For a moment, the artiste is stuck in his timid, temperamental phase, and who can blame him?
He's a child prodigy used to painting in private, where he creates swirling color masterpieces known to fetch thousands when offered to the art world.
And now, for the media, he's being asked to produce on cue, like some animal in the zoo.
The long-haired phenom responds with the actions of a defiant doyen: He grabs the canvas, and starts to lick the paint off.
"Okie, can I have it back, please?" Brandi Moores says to the 13-year-old western lowland gorilla -- more formally known as Okpara .
Okie pushes the paper under a mesh metal door that separates him from Moores.
"Good boy," says Moores, 26, a gorilla keeper at the Franklin Park Zoo who also serves as Okie's muse. "Let's try it again."
Moores pours some green, orange, and purple nontoxic children's paint on a white page, and slips it back to Okie.
"Can you paint?" she asks him.
Okie pats his left knuckle on the page.
"Good boy," says Moores.
She pops a red grape in the gorilla's mouth.
"Can you paint?"
This time, Okie smears the colors across the page with his palm in one of his trademark swooshes.
"Good boy," says Moores. She gives him another grape.
He paints some more. Then, in a flash, Okie takes off on all fours, careening his squat 5 -foot, 375-pound frame across the mulchy ground of the zoo's new $2.3 million gorilla exhibit.
Those who enter the zoo's Tropical Forest area between now and the end of August will be able to view the vibrant finger paintings of Okie and his protective pal, Little Joe.
There are 15 pieces included in a show titled "Okie & Little Joe: A Restrospective," and it is appropriate that 12 were done at the hands of Okie.
Little Joe is the 14-year-old serious, dominant male of the zoo's seven-member gorilla group, a well-known escape artist who dabbles in painting but hates to get his hands dirty.
Despite his outburst of obstinance, Okie is the more free-spirited one, considered the group's care-free artist-in-residence.
Minutes before his public display of painting, Okie was the portrait of modern cool: His hair seemed to be sticking up in a modified mohawk as he crossed one leg over the other and sucked his thumb.
Zoo officials say the woolly wunderkind has the perfect temperament for artistic endeavors.
"By nature, he's loose," says John Linehan , president and CEO of Zoo New England, which operates the Franklin Park Zoo in Dorchester and the Stone Zoo in Stoneham. "If he had a chance, he'd be wearing a bandanna."
Okie has been finger-painting since 2004, Moores says.
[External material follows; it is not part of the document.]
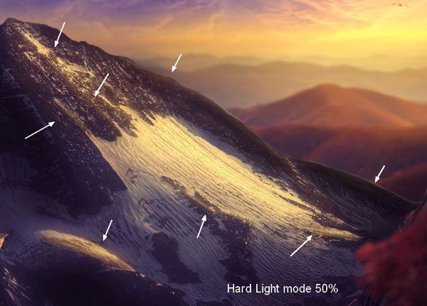 Создайте новый слой и жёсткой кистью нарисуйте свечение на краях снежной горы. Установите режим наложения Жёсткий свет (Hard Light) и уменьшите непрозрачность до 50%.
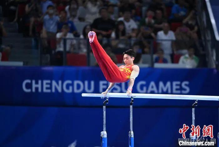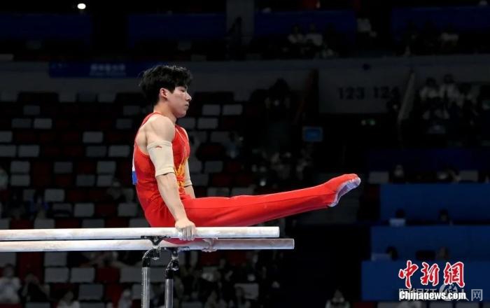 张博恒在进行双杠比赛。安源 摄

Offering the animals the chance to finger-paint or play with buckets or forage for their food is a way to keep Okie and the others from lying around all day like a bunch of gorillas.
"Their environment is not changing; we have to change it for them," Moores says. "We want to keep them mentally stimulated in captivity."
Even if he never paints in the open again, Okie's artwork still would provide a valuable connection between primates and the public, say zoo officials, who believe the bond has been enhanced by the new exhibit that lets the gorillas be seen up close and personal through glass.
"It brings almost a sense of enlightenment," Linehan says of the finger paintings, "the commonality between people and the rest of the animal kingdom."
"It's not just people who are capable of art," he says.
Through a zoo promotion, kids will get a shot at showing off their own artistic skills -- and to win an Okie -- either by working with finger paints provided at the zoo from 11 a.m. to 1 p.m. every other Sunday from next Sunday through Aug. 19 or by mailing in their handiwork by Aug. 10 .
Okie the abstractionist has already set a high bar.
During the Zootopia! 2007 benefit last month, one of Okie's premier pieces garnered a donation of $10,000 .
At the benefit the year before, zoo official and money manager Grace Fey purchased an Okie original for $6,500 .
Fey says that on the wall of her office in the Financial District, overlooking the State House, and near other keepsakes, such as her chartered financial analyst certificate, she proudly hangs her framed Okie piece of flowing blues and yellows, reds and purples.
"It looks like a piece of modern art, like a Jasper Johns ," says Fey, an executive vice president at Frontier Capital Management Co. and chairwoman of Zoo New England 's board of directors. "I'll never sell my Okie. It's very special."